━━ AVAILABLE DATA

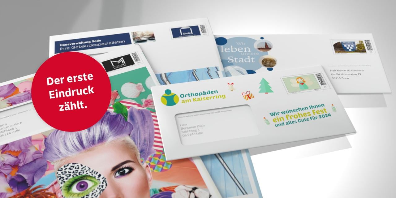- Raum für individuelle Gestaltung auf Umschlag und in der Briefmarke
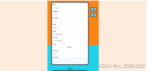 用户管理,管理员在此页面可以查看用户名,昵称,用户姓名,性别等信息,并可根据需要进行查询,重置,删除,新增等操作, 如图5-5,5-6所示。
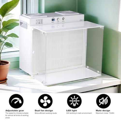 Laminar Flow Hood 17“x13” FFU Inoculation Box Fan Filter Unit for Laboratory, Clean Room, Mushroom Room Mycology Supplies Dual Fan Air Filtration System(Include HEAP Filter with H12 Filter Class)

━━━━

# [PROBLEM STATEMENT]
Word for word, return the material above, but drop the pictures.

# [COMPLETED EXERCISE]
- Raum für individuelle Gestaltung auf Umschlag und in der Briefmarke
 用户管理,管理员在此页面可以查看用户名,昵称,用户姓名,性别等信息,并可根据需要进行查询,重置,删除,新增等操作, 如图5-5,5-6所示。
 Laminar Flow Hood 17“x13” FFU Inoculation Box Fan Filter Unit for Laboratory, Clean Room, Mushroom Room Mycology Supplies Dual Fan Air Filtration System(Include HEAP Filter with H12 Filter Class)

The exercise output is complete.